Financial literacy in the U.S. is notoriously poor and declining. Most people want to understand financial terms and techniques, but only five U.S. states require financial education in high school; Indiana is not one of them. That means financial literacy is left to customers themselves, who rely on whatever information they find online or from people close to them.
Build Trust by Building Your Bank Customers’ Financial Literacy
Customers don’t trust information they don’t comprehend. When you market your financial products in terms that aren’t understandable to the average consumer, you miss the chance to build relationships.
Banks and credit unions can engage customers by providing the knowledge they need. Instead, institutions offer online calculators for mortgage, APR and loan payoff. But calculators don’t help consumers understand their finances; instead, like magic tricks, they provide answers without explanations of what any of the banking terms mean.
Now for a little financial literacy experiment:
Ask 10 mortgage-holding bank or credit union customers what a home equity line of credit is. Do they know who should get one? How to go about it? Go ahead. I’ll wait.

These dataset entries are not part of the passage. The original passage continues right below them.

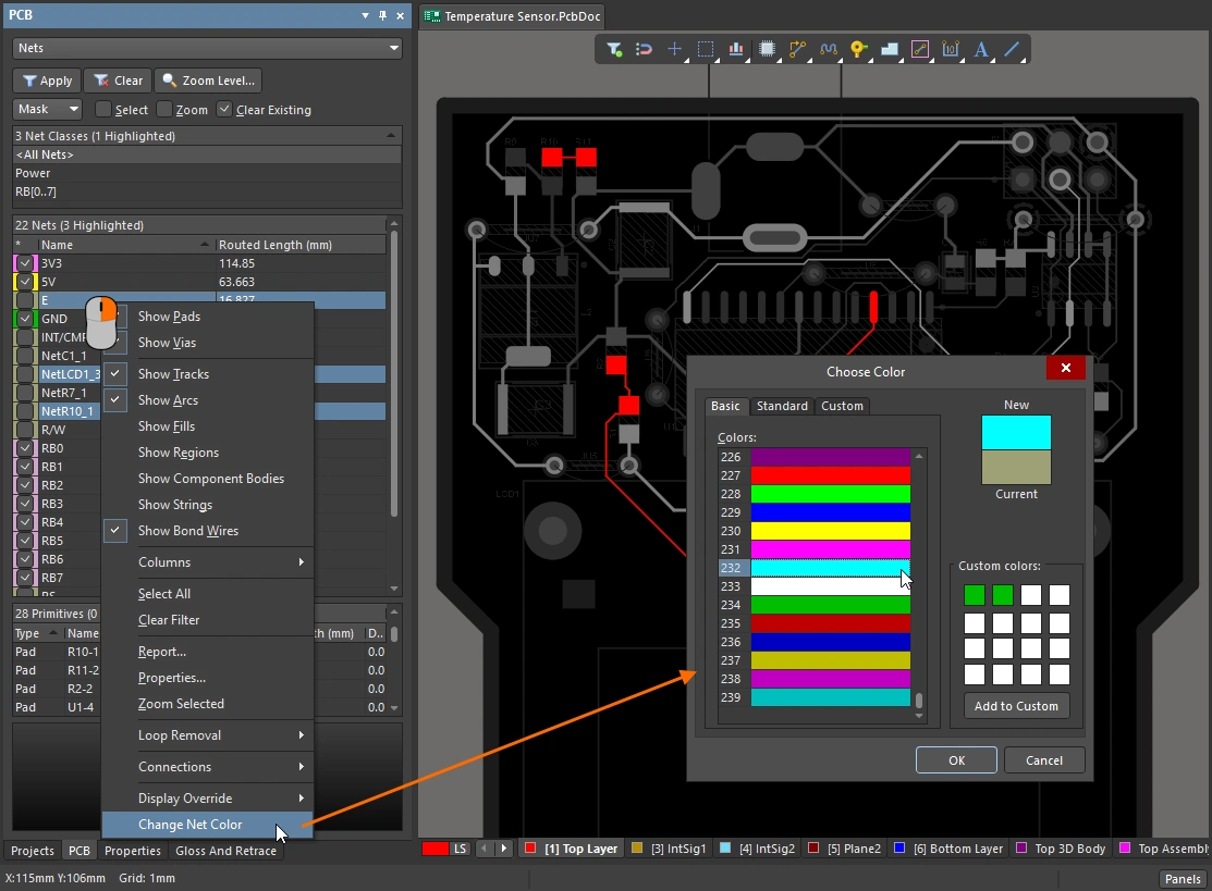 | Apply color in the PCB editor |
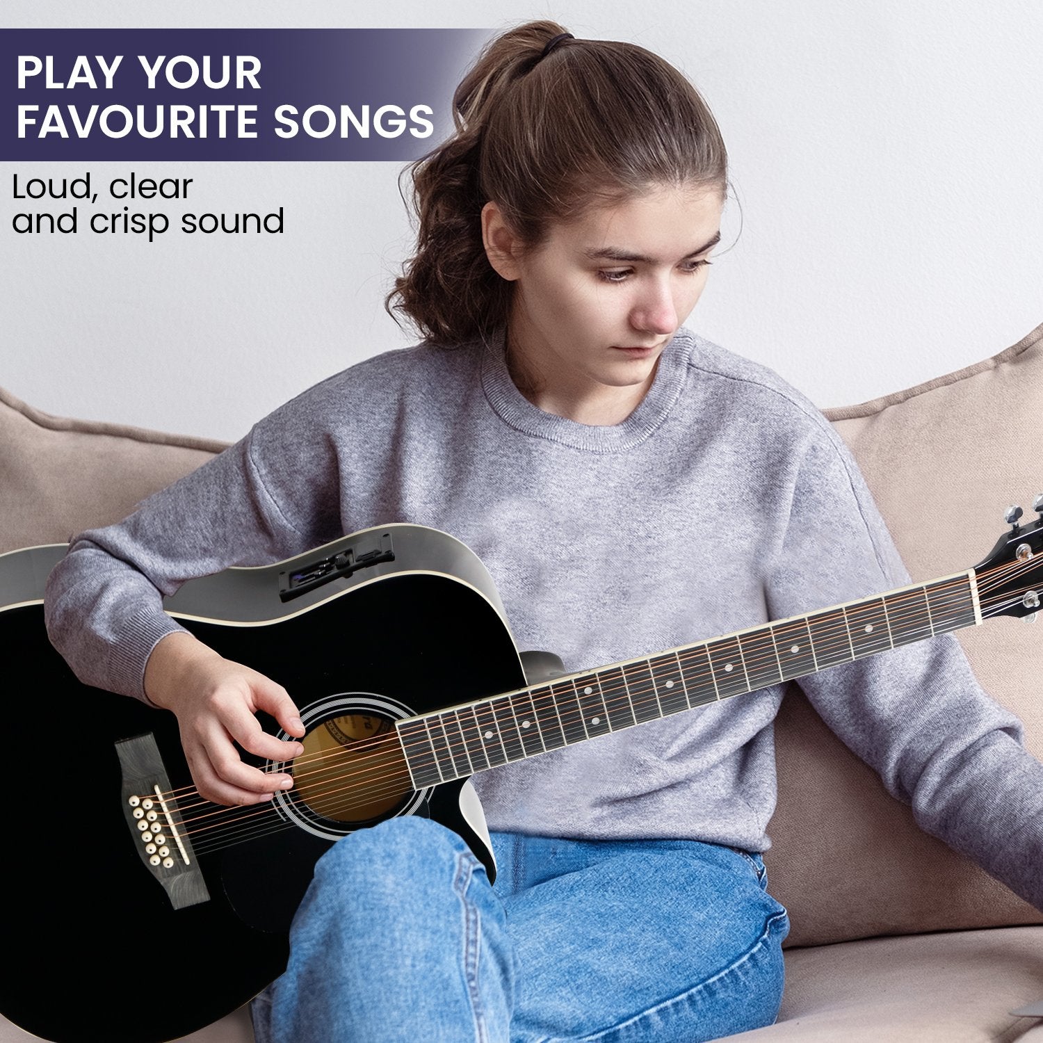 This beautiful guitar also comes with a carrying bag, strap, pick and capo so you'll have everything you need to play right away.
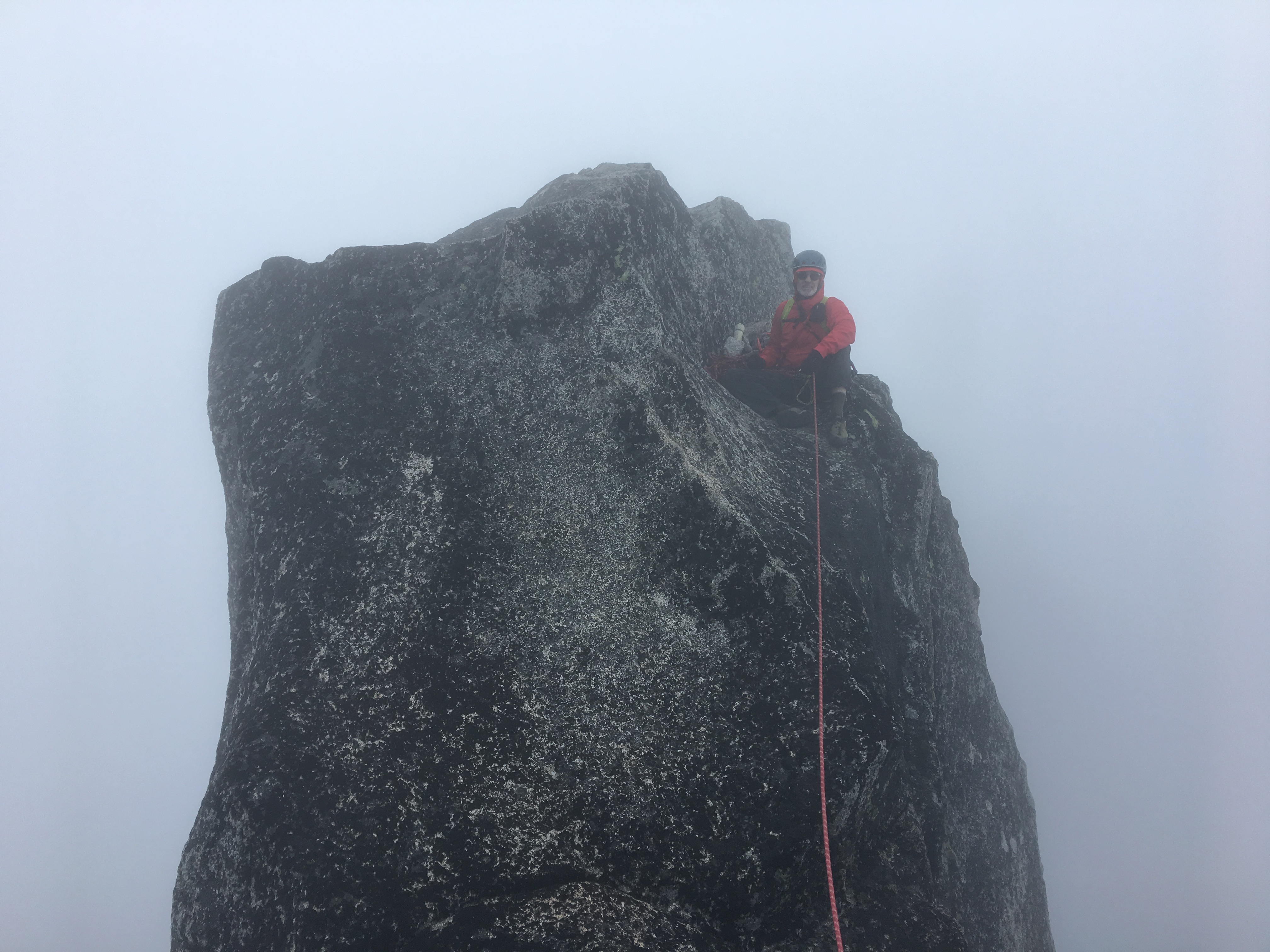 We did 4 rappels (2 were over hanging) and 1 running belay. Standing and waiting to rappel was brutally cold. We were both so glad to glad off the east ridge and return to the gully leading down. The dense cloud cover made everything go so slow. We had to navigate off memory.
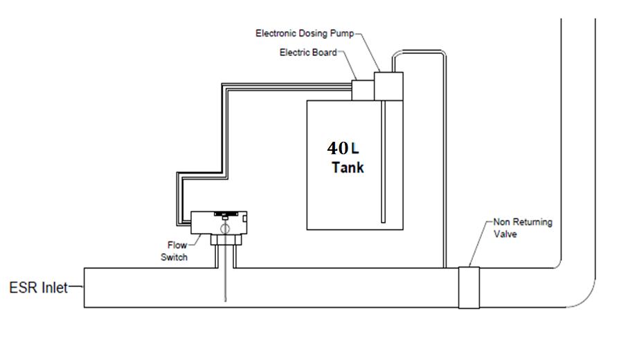 Whenthe waterstartsflowingintheinletpipeof theESR,the flowswitchdetects itandactasa switchtoclosethe circuit of the power supply of the dosing pump. As the circuit closes the dosing pump starts. The dosing pump suck the chlorinefromthe50LtankandstartsinjectingthechlorineintheinletpipecarryingwaterintheESR.Wecansettherequired doseofchlorineonthedosingpump.TopreventdamagetodosingpumpfromthebackflowfromtheESRanon returnvalve isinstalledjustafterthejointofdosingpumpoutletpipeandtheinletpipeofESR.
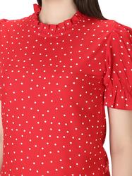 Rayon Floral Bell Sleeved Top With Ruffle Neckline (Red)
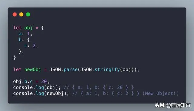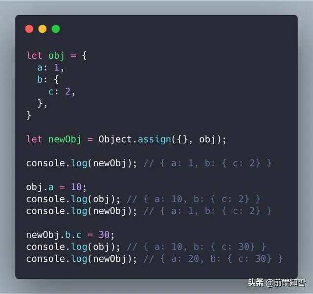 正如我们在上面看到的 obj.b.c = 30,这是 Object.assign() 的一个陷阱。 Object.assign 只生成浅拷贝。 newObj.b 和 obj.b共享对象的相同引用,没有制作单独的副本,而是复制了对象的引用。
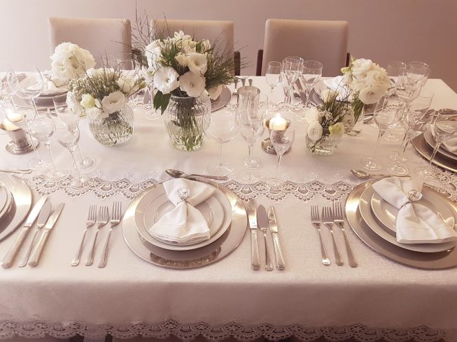 Para um jantar mais formal preparei esta composição usando toalha de linho branco com bordado em richelieu, sousplat em inox e pratos em porcelana branca com filete dourado. Taças em cristal para água, vinho tinto, vinho branco e espumante. Guardanapos em linho branco com porta guardanapos de pedra solitária. Para o centro de mesa vasos com lisianthus naturais e castiçais com velas.
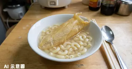 工人姐姐的創意料理再次成為網絡熱話!有網民近日在社交平台分享一張令人哭笑不得的照片,只見一碗通粉湯麵中竟然孤零零地放著一條完整未切的花膠,而湯底更是清澈見底的清水。這道「高級」料理的奇特搭配立即引起網民熱烈討論,有人更笑稱這是「最富貴同最窮嘅食材放埋一碗」的藝術品。
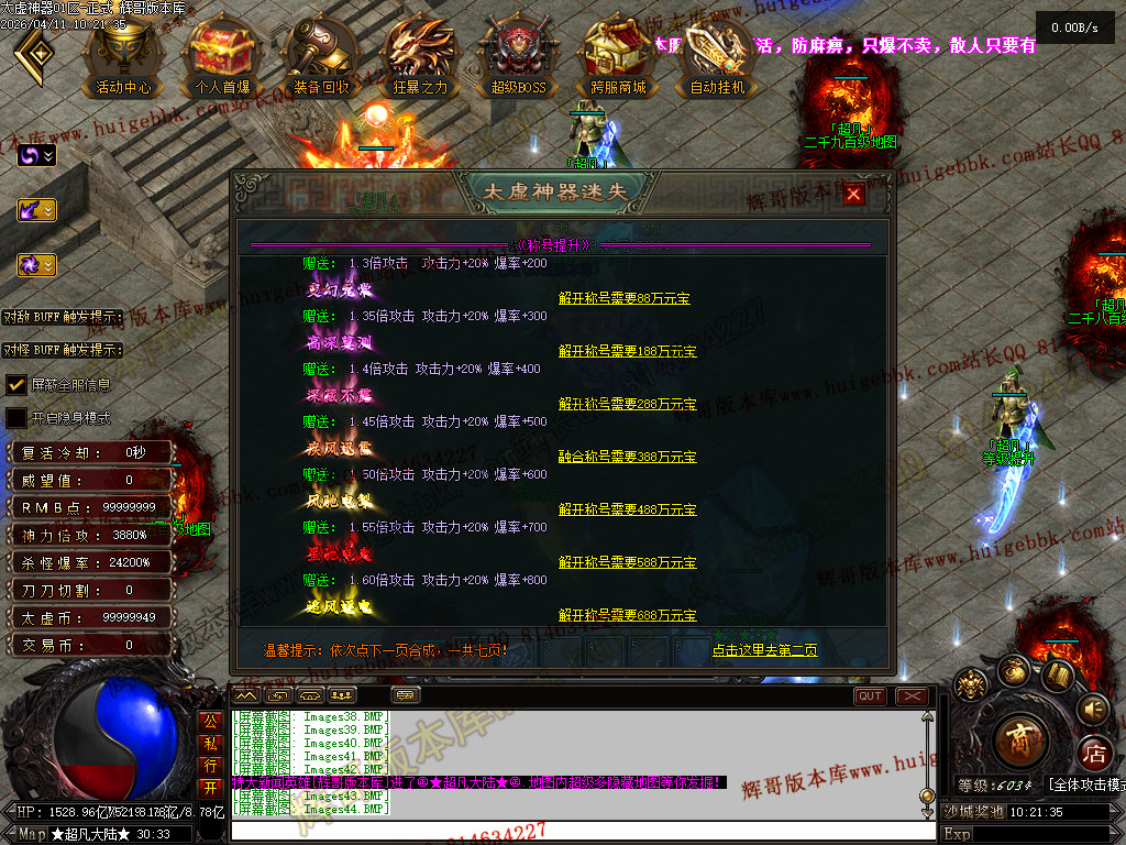 等级升到1500 转生到30转,特殊四件套直接土城升满,时装 生肖直接升满,下二大陆开启新的旅程
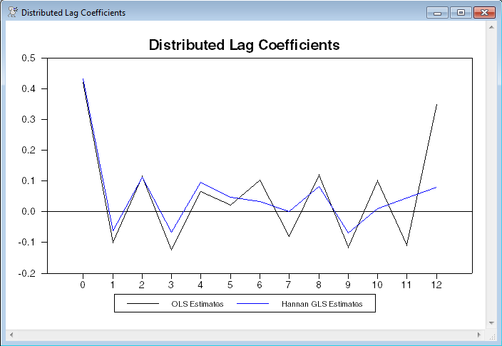 To implement Hannan’s Efficient estimator, we need to compute the reciprocal square root of the spectral density of the residuals, and do a frequency domain filter of the dependent and independent variables. The actual regression is still done in the time domain. Because the number of variables which must be filtered depends upon the regression, this is not as readily converted into a standardized procedure as the frequency domain techniques. It's simpler here because this is being applied to a distributed lag, where the explanatory variables are all lags of a single variable.
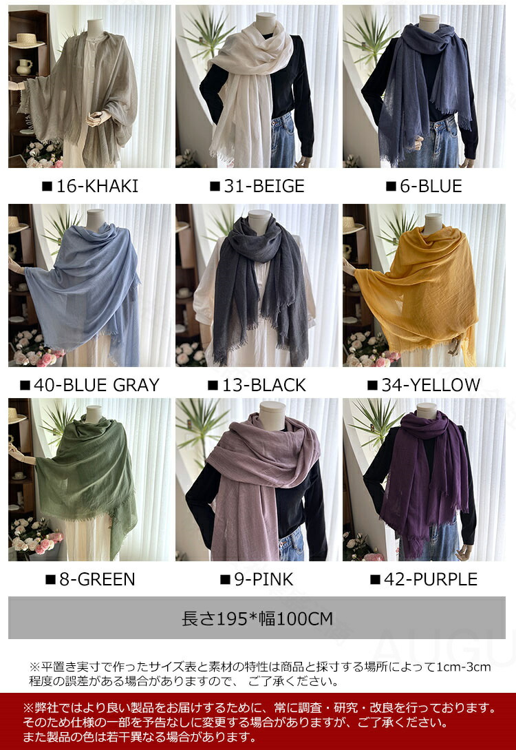 スカーフ 大判 マフラー 夏 コットン バッグ 小物 ブランド雑貨 特集 16-KHAKI 31-BEIGE 6-BLUE 40-BLUE GRAY 13-BLACK 34-YELLOW 8-GREEN 9-PINK 42-PURPLE
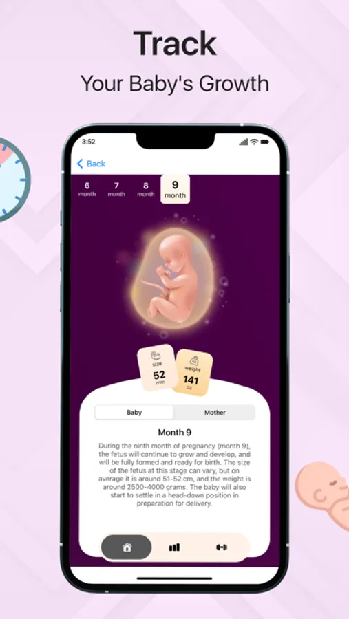 Week by week pregnancy app tracks all pregnancy stages from month one to nine. Mothers can track their fetus size growth and weight change. There are two separate sections for both mother and baby to track all due dates.
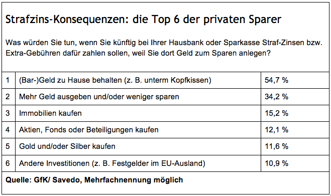 Laut GfK-Umfrage gaben rund 55 Prozent der Befragten an, im Fall von Negativzinsen das Ersparte wie zu Großmutters Zeiten unterm Kopfkissen oder anderen Verstecken zu Hause horten zu wollen. Wenn sie darüber hinaus investieren wollen, wären dies die Top 3:
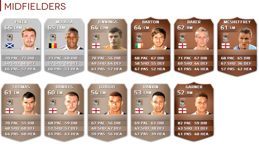FIFA 14 is just a few weeks away & the demo being released on Xbox 360 and PS3 today, now the Coventry City lineup and player ratings can be viewed.
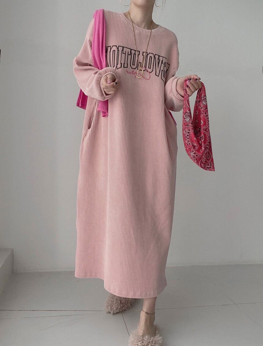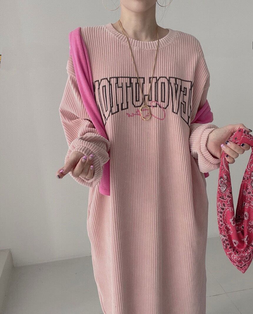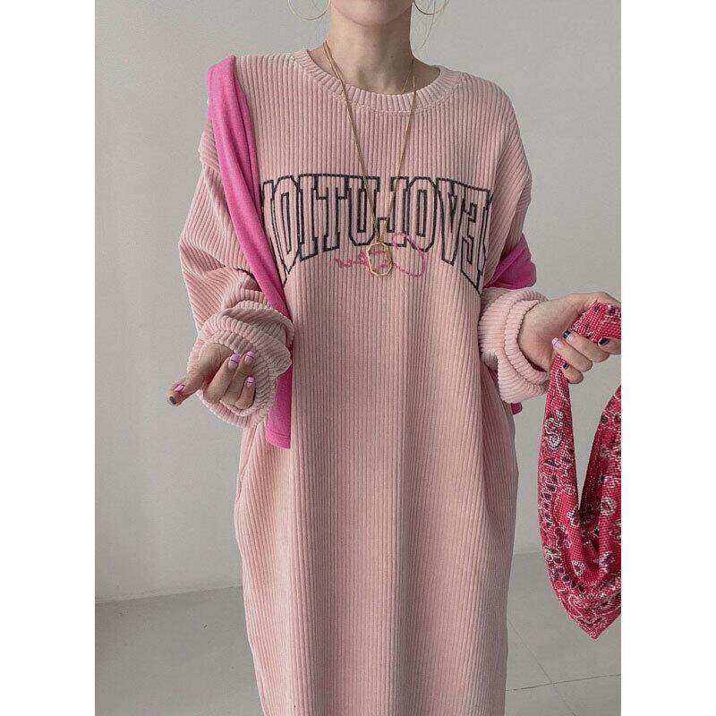 オータムラウンドネックプリントルーズカジュアルロングコーデュロイドレス スカート 秋物 Oネック 7/20 mi4622834585029
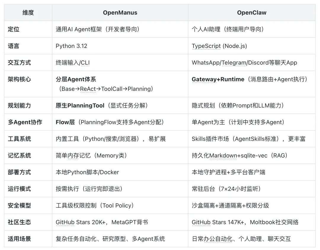 六、OpenManus vs OpenClaw:架构对比
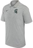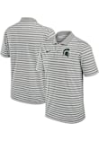 Enhance your professional style with this striking Mens Grey Short Sleeve Polo Shirt! Showcase your team pride among colleagues with this exceptional MSU Grey Stripe Short Sleeve Polo. Stand out and make a statement in this Michigan State Spartans Short Sleeve Polo, featuring a heat seal of team logo on left chest that adds a touch of distinction to your look.
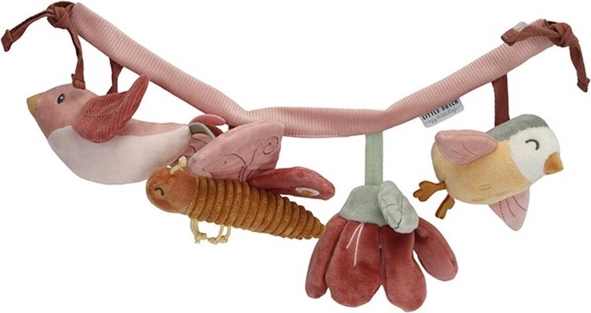 Rammel, piep, knisper. Geef je kindje een zintuiglijke ervaring met deze kleurrijke wagenspanner. Met vier verschillende karakters om naar te kijken en mee te spelen, wordt de ontwikkeling van de hand-oogcoördinatie gestimuleerd. Bevestig de wagenspanner eenvoudig aan een autostoeltje of kinderwagen. Vlinder Lily, vogeltje Olivia en mus Abby entertainen jouw kleintje graag onderweg.
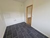 - Anthrazite Boden- und weiße Wandfliesen in der Küche
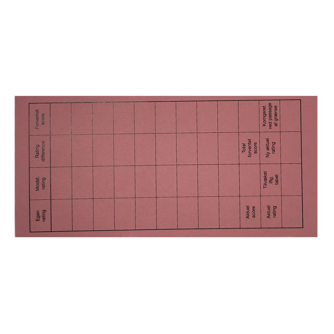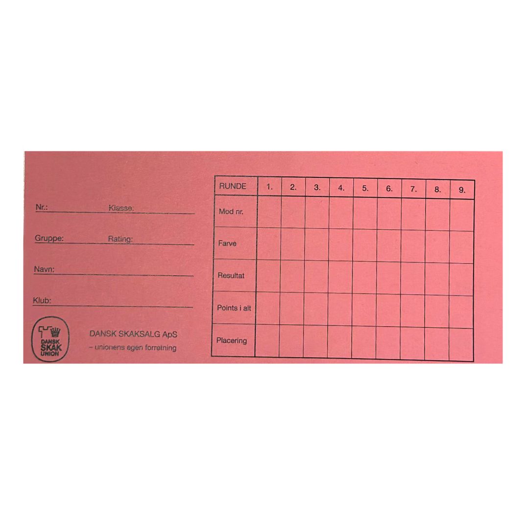 Rondkort i buntar om 100 st. Används för partier och turneringar, bland annat till att lotta Monrad upp till nio ronder. Finns i flera färger enligt anvisningarna.
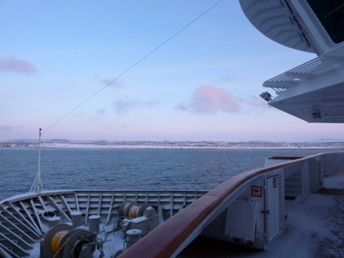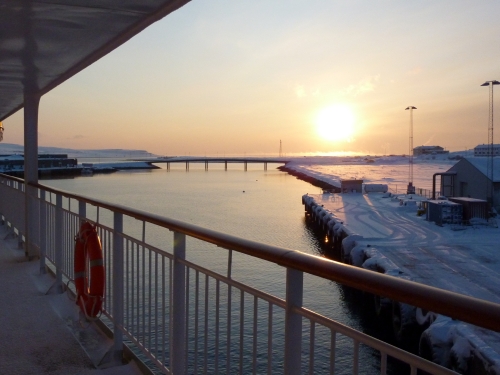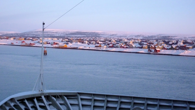 Unser erstes Tagesziel Vadsø kam kurz nach 7Uhr in Sicht.
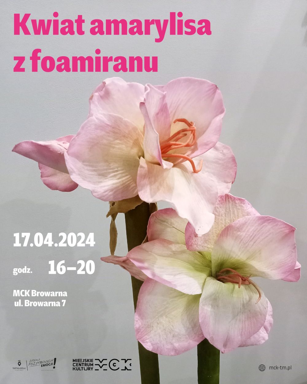 Miejskie Centrum Kultury wszystkich chętnych zaprasza do rozwijania zdolności manualnych na warsztatach pn. "Kwiat amarylisa z foamiranu". Choć nazwa wydaje się skomplikowana, efekt będzie wyjątkowy. Wydarzenie odbędzie się 17 kwietnia w godz. 16-20 w MCK Browarna, przy ul. Browarnej 7. Obowiązują zapisy.

Asked them? Great. I’m going to guess only about 50 percent of the people you talked to got it right. Yet banks continue to market home equity lines of credit assuming that everyone understands what they are.
Spoiler alert—they don’t.
Investing in financial literacy and educating consumers about the role certain products play in their lives has no downside. You will build trust in your institution as well as your products, and provide an invaluable service that helps people make informed decisions with your brand active in mind.